Wednesday, May 31, 2017

How Obama Kept Small Business Down And Created Donald Trump

Obama's love of government and extreme penchant for regulating everything under the sun gets a big piece of the blame for giving Trump almost Carte Blanche to do just the opposite.

The best summary quote in all of the many articles on Obama's regulatory regime: "the Obama administration has ranked as a hyper-regulator." This hyper-regulatory atmosphere was and is an absolute sure recipe for economic morass.

The real problem with those on the Left is that they trust politicians and bureaucrats more than they trust their neighbors and family. Thus, the relentless pursuit of government solutions to all our problems. Statism.

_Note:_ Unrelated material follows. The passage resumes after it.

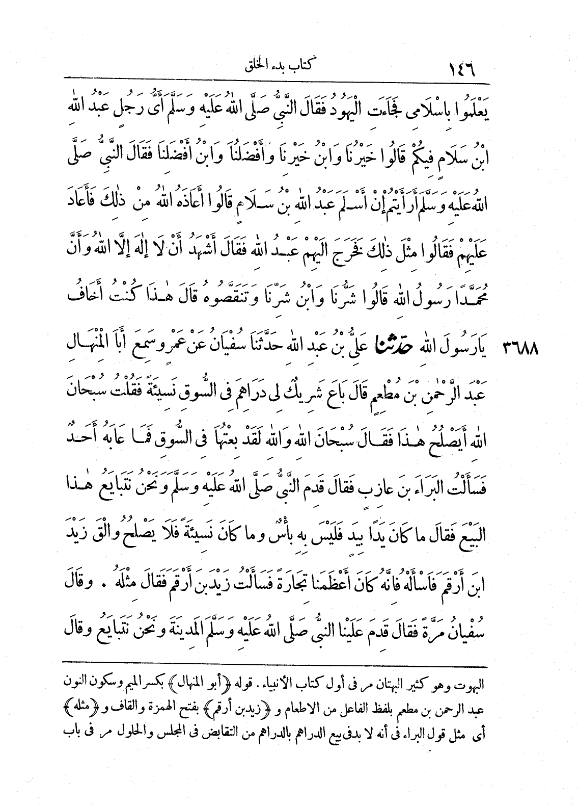 3688 - يَا رَسُولَ اللَّهِ حَدَّثَنَا عَلِيُّ بْنُ عَبْدِ اللَّهِ حَدَّثَنَا سُفْيَانُ عَنْ عَمْرٍو سَمِعَ أَبَا الْمِنْهَالِ عَبْدَ الرَّحْمَنِ بْنَ مُطْعِمٍ قَالَ بَاعَ شَرِيكٌ لِي دَرَاهِمَ فِي السُّوقِ نَسِيئَةً فَقُلْتُ سُبْحَانَ اللَّهِ أَيَصْلُحُ هَذَا فَقَالَ سُبْحَانَ اللَّهِ وَاللَّهِ لَقَدْ بِعْتُهَا فِي السُّوقِ فَمَا عَابَهُ أَحَدٌ فَسَأَلْتُ الْبَرَاءَ بْنَ عَازِبٍ فَقَالَ قَدِمَ النَّبِيُّ صَلَّى اللَّهُ عَلَيْهِ وَسَلَّمَ وَنَحْنُ نَتَبَايَعُ هَذَا الْبَيْعَ فَقَالَ مَا كَانَ يَدًا بِيَدٍ فَلَيْسَ بِهِ بَاسٌ وَمَا كَانَ نَسِيئَةً فَلَا يَصْلُحُ وَالْقَ زَيْدَ بْنَ أَرْقَمَ فَاسْأَلْهُ فَإِنَّهُ كَانَ أَعْظَمَنَا تِجَارَةً فَسَأَلْتُ زَيْدَ بْنَ أَرْقَمَ فَقَالَ مِثْلَهُ وَقَالَ سُفْيَانُ مَرَّةً فَقَالَ قَدِمَ عَلَيْنَا النَّبِيُّ صَلَّى اللَّهُ عَلَيْهِ وَسَلَّمَ الْمَدِينَةَ وَنَحْنُ نَتَبَايَعُ وَقَالَ

Get on board the deregulation train.

In 1995, President Bill Clinton determined that small businesses were in dire need of relief from the smothering effect of hundreds of thousands of pages of federal regulations. He worked with a Republican Congress to produce the most significant legislation ever to help small businesses, the Small Business Regulatory Enforcement and Fairness Act.
By contrast, the Obama administration talked about helping small businesses but continued to enact regulatory policies that limited the ability to profit and deterred new businesses from entering the market. In fact, towards the end the plan appeared to be one of speeding up regulations.
President Obama has said that “small businesses have always formed the backbone of the American economy. These entrepreneurial pioneers embody the spirit of possibility, the tireless work ethic, and the simple hope for something better that lies at the heart of the American ideal.” But the rate of growth for regulatory restrictions was approximately 38 percent larger for the Obama administration between 2009 and 2012 as it was during a similar number of years for President George W. Bush (2001 to 2004). Restrictions are actual regulatory requirements telling business what they “must’ or “shall” do. But, of course, these are just additions to regulatory restrictions that have been piling up since the 1870’s and now number more than 1 million. And yet Obama, more than any other president, has made decreasing the overall regulatory burden a high priority, issuing a specific executive order to require agencies to decrease the enormous volume of regulations.
But just as the administration continues to increase the rate of new regulations and restrictions, it is obvious that his executive order, which has the force and effect of law on federal employees, has failed to deliver. In an analysis of this effort, Randall Lutter found “that there is little new retrospective analysis by these agencies and that their plans for retrospective review appear to be leading to rulemakings that differ little from business as usual.”
As for new regulations that are crushing small businesses, the evidence is everywhere. A recent survey of small banks conducted by the Mercatus Center at George Mason found that "many respondents expressed frustration at how the rules would affect their ability to continue offering customers products that had worked well for both the bank and the customers.” These small banks talk of the implementation of the Dodd-Frank financial reform law of 2010 as a “maddening pace of illogical and unnecessary regulation” that would not have prevented the 2008 financial collapse.
Financial regulatory agencies are not the only ones responsible. Proposed Food and Drug Administration regulations banning the use of trans fatty acids will make it extremely hard for small bakers to continue operating. The Occupational Safety and Health Administration’s proposed silica (industrial dust) rule will have the largest impact on small businesses, as 59 percent of workers affected are employed by small businesses. OSHA failed to consider less onerous regulatory options that would make it cheaper for them to keep workers just as safe. When seeking to regulate a common industrial ingredient, formaldehyde, the Environmental Protection Agency ignored one-third of the Small Business Regulatory Enforcement and Fairness Act panel’s consensus recommendations to protect small businesses.
It’s not surprising that Obama has been unable to either restrain agencies from promulgating an excessive number of rules or to get them to voluntarily choose to remove ineffective and outdated regulations. The agencies jealously guard their unchecked monopolies on rulemaking and analysis of their own proposals. As Supreme Court Justice Kagan wrote, “Since the dawn of the modern administrative state, residents have tried to control the bureaucracy only to discover the difficulty of the endeavor.”
But a recent Mercatus Center study identifies a method that would help eliminate much of smothering rules that no longer work without trying to corral the unmanageable regulatory agencies. It requires a bold step by both Congress and the president, but one that will almost certainly pay dividends for small businesses and entrepreneurs wishing to start new businesses (most of which will start small).
The logic is simple: Appoint panels that are independent of agencies and have them make recommendations for groups of regulations that can be abolished. Congress would then simply vote the entire package up or down.
Just as President Clinton worked with a Republican Congress, President Obama can work with a Republican Congress, with the nation’s small businesses and would be-entrepreneurs being the primary beneficiaries.